La logique du libéralisme est par nature gaspilleuse et prédatrice. À sa place, il convient de mettre en œuvre une conception radicalement différente du développement : économe en ressources naturelles, respectueux de l’environnement, centrée sur le développement des capacités humaines. Cela suppose notamment de débattre des propositions permettant :

• L’objectif de la vie économique ne devrait pas être la croissance pour elle-même mais l’utilité sociale des activités et des productions. • Une logique publique de réduction des pollutions doit guider une politique des transports visant à réduire nettement le transport routier de marchandises, à développer les transports publics de voyageurs. • En matière énergétique, devront primer des choix permettant d’aller vers une diversification des sources d’énergie et la promotion des énergies renouvelables. • La France devrait s’engager, de façon active à l’échelle internationale, pour l’application des accords de Kyoto et l’ouverture de perspectives ambitieuses pour l’après-Kyoto. 8. Une nouvelle organisation de l’Union européenne et du Monde

Les objectifs qui sont les nôtres ne sont pleinement atteignables que si l’on remet en cause en même temps la logique de l’actuelle mondialisation capitaliste et celle de l’Union européenne. Pour cela, il faut réfléchir notamment autour de :

À l’échelle du continent européen, les possibilités existent pour une réorientation sociale et démocratique de l’Union. Elle suppose, entre autres : la réorientation des missions et des statuts de la Banque Centrale Européenne ; l’abrogation des directives sur la libéralisation des services publics ; la reconnaissance des droits fondamentaux et acquis sociaux sur la base de la non-régression ; l’institution d’une citoyenneté de résidence élargie aux migrants extra-communautaires ; la réforme des institutions européennes sur la base du respect des principes de souveraineté populaire et de subsidiarité démocratique en donnant plus de pouvoir aux parlements nationaux et européen ; l’indépendance vis-à-vis de l’OTAN.

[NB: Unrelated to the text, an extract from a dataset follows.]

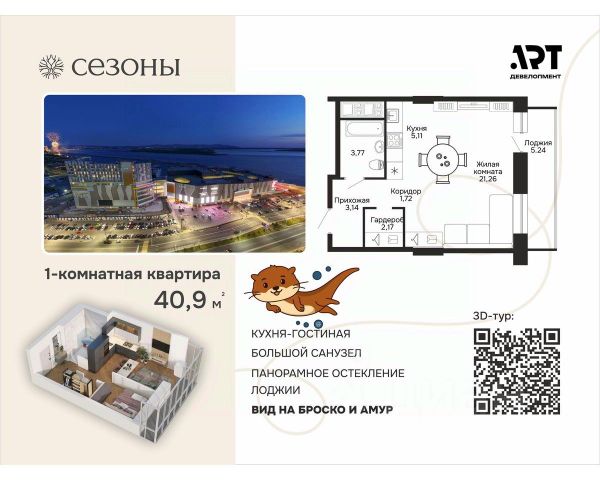 Жилой комплекс из трех домов находится в оживленном районе с удобной логистикой. Из окон открываются изумительные виды на Амур, Дендрарий и город. В развитом районе уже есть все, что обеспечивает комфорт и помогает жить с удовольствием. При этом, нам удалось создать проект с большим уединенным закрытым двором и коммерческой инфраструктурой в стилобатной части для решения ежедневных и особых задач, развлечений и отдыха. - 3 минуты до центра на авто - 11 маршрутов общественного транспорта - 2 минуты пешком до Броско и аквапарка - 5 минут пешком до школы - 3 минуты пешком до детского сада - 30 шагов до паркинга в доме - 1 взгляд до вдохновляющих видов ЗАКРЫТАЯ ТЕРРИТОРИЯ Территория двора огорожена забором, и будет много камер. Доступ на территорию будет регулироваться воротами с индивидуальным доступом, отдельно будет настроен доступ в дом, паркинг, велосипедные и колясочные пространства. ИНТЕРЕСНЫЙ ДВОР, АТМОСФЕРНЫЕ ПРОСТРАНСТВА ДОМА Стильное пространство холла с высоким потолком, французскими окнами и качественной отделкой. По территории двора ограничен проезд, бОльшая часть парковок находится под землей. Предусмотрены также и гостевые парковки они расположены снаружи комплекса вдоль коммерческих помещений. Авторская детская площадка: длинная горка, тактильная дорожка, батуты, скалодром и канаты. Двор будет уникальным. Есть воркаут-зона для занятий спортом, и есть место где можно почитать книгу и тропа в травах, для создания которой растения с цветением по разным сезонам высадят согласно дендроплану. АРХИТЕКТУРА, ПЛАНИРОВКИ Комплекс состоит из трех зданий переменной этажности, второе и третье здание соединены двухэтажным стилобатом, в котором разместятся компании для ежедневного комфорта жителей дома: магазины, кофейня, салон красоты, детское обучение и досуг. Мы видим ценность в долговечных фасадных решениях, поэтому выбрали сочетание керамогранита и клинкерного кирпича. Предусмотрели ненавязчивую пластику фасада, архитектурную подсветку в специальных нишах. В ЖК заложены квартиры свободной планировки для воплощения вашего сценария жизни в диапазоне от 25 до 122 кв.м. ИЗ ТЕПЛОЙ КВАРТИРЫ В ТЕПЛЫЙ ПАРКИНГ В подземный паркинг спускаются все три быстрых лифта. Пробок не предвидится даже в час пик. КАЧЕСТВЕННОЕ ОКРУЖЕНИЕ От Сезонов до школы ноль перекрестков, рядом можно поесть разнообразно и вкусно, сводить ребенка в игровое пространство, сходить на шопинг. Аквапарк, ресторан и кинотеатр через дорогу. У вас много возможностей. Все продажи ведутся через безопасные эскроу-счета. Купить квартиру на 13 этаже в Хабаровске.

À l’échelle planétaire, la logique de la solidarité devrait supplanter l’inégalité croissante qui résulte de la libéralisation effrénée. Cela suppose de contredire partout les normes édictées par les multinationales, le G8 et les institutions financières internationales. Cela pourrait impliquer, entre autres : de réinsérer la Banque mondiale et le Fonds monétaire international dans le cadre de l’ONU ; de remettre en cause la logique et le mode de fonctionnement de l’OMC ; d’établir les relations Nord-Sud sur la logique du co-développement ; d’annuler la dette ; de démocratiser franchement les institutions internationales.